Footnote on Building Ergonomic Tools
Internal tooling is a domain where the software developer can bring huge leverage, by multiplying the thousands of hours of output from her colleagues, yet it is also sadly the place which rarely receives its fair share of design attention.
With Sequences, my primary users were the linguistics team, who were responsible for creating the content.
From their workflows, it was clear the linguistics team preferred visual, drag-and-drop tools where the entire situation can be seen from a single screen grab. That's how they shared ideas with each other in Slack.
Contrast that with (for example) engineers, who typically prefer to work keyboard-first and often prioritize integration and automation potential in appraisals of new tools.
These preferences informed how I designed Sequences. Numeric steppers are colour-coded, and go up when you click them, and down when you right-click them.
You can move words around by clicking and dragging them, to form new phrases.
The UI is simple, forgiving and self-explanatory.
Footnote on Tokenisation
Tokenisation is one of those problems that initially seems trivial... can't you just .split(“ “)

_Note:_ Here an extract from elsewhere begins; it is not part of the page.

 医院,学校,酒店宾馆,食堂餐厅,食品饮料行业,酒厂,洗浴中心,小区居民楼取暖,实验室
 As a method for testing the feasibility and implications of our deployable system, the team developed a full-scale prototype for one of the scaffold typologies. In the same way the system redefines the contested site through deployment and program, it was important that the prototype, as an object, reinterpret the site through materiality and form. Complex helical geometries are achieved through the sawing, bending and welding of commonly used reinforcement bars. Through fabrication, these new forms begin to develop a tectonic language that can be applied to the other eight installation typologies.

? But in fact, there are countless edge cases and nuances. This is especially true when you're working with non-English languages.
In written French, for example, there is typically a space before colons and other punctuation:
Furthermore, quotes are marked « like this »

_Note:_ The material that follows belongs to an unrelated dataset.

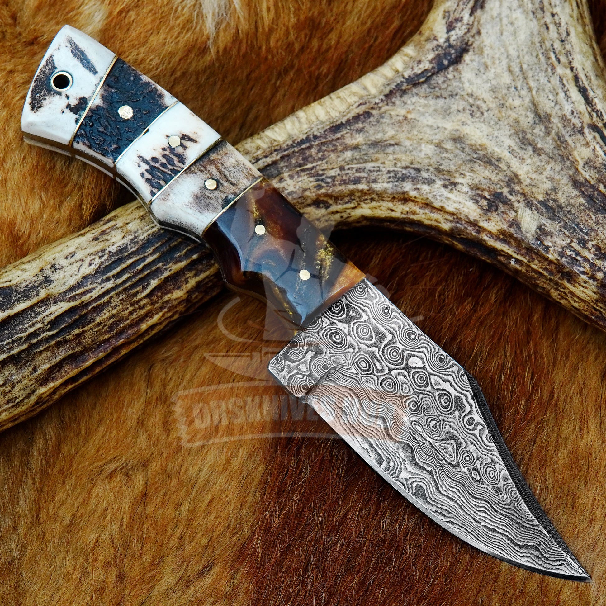 The blade is crafted from layered 1095 Damascus steel, creating a distinctive pattern unique to each piece. The stag handle is accented with brass spacers and resin details, offering a natural and classic appearance.

in French, capitalization is not limited to proper nouns and sentence-initial words in German, Spanish has ¿
and so on...
If you're using Python, there's the powerful spaCy or NLTK packages to handle all this linguistic complexity.
In Ruby, however, there are exactly zero well-maintained, multilingual tokenisation gems at the time of writing this. So, we settled on a lengthy but well-tested Regex to scan and tokenize the string, with additional rules based on the features of the language in question:
# This tokenises the input string, or breaks it into actual words (leaving out spaces)
tokens = initial_string.scan(/[^\s]+/).reject { |token| token == " " }
# This gives us a few more tokens for things like question or exclamation marks.
tokens = tokens.map { |token| token.scan(/[\]\[¡!"&()*+,.\/:;<=>¿?@\^_`{|}~-]+|[^\]\[¡!"&()*+,.\/:;<=>¿?@\^_`{|}~-]+/) }.flatten
As such, we don't need to store the phrase as a full string. Instead, its form is stitched back together according to the order of the words, which allows you to manipulate it.
Footnote on deciding to use React and GraphQL
Although internal tooling is often a domain where you can comfortably rely on Rails views (with a sprinkle of JS), Sequences was an exception. As you see from the interactions above, there is a non-trivial amount of editable and dynamic state going on, with implications for both function and form. Moreover, in any word within the sequence, there are subcomponents (the word, the coloured stepper and the list of responses) which are themselves interactive and conditionally rendered. It didn't take long after choosing React for it to be a net saving in cognitive overhead.
GraphQL (using Robert Mosolgo's graphql-ruby gem) was a complementary choice, for similar reasons. Sequences have lots of nested collections, from which we pluck specific fields, and this is handled cleanly and intuitively in GraphQL. Adding new features (like groups) becomes little more than adding a new field to the query string, and ensuring the flow of data is managed. By batching with Shopify's graphql-batch gem, we were also able to minimize the N+1 queries.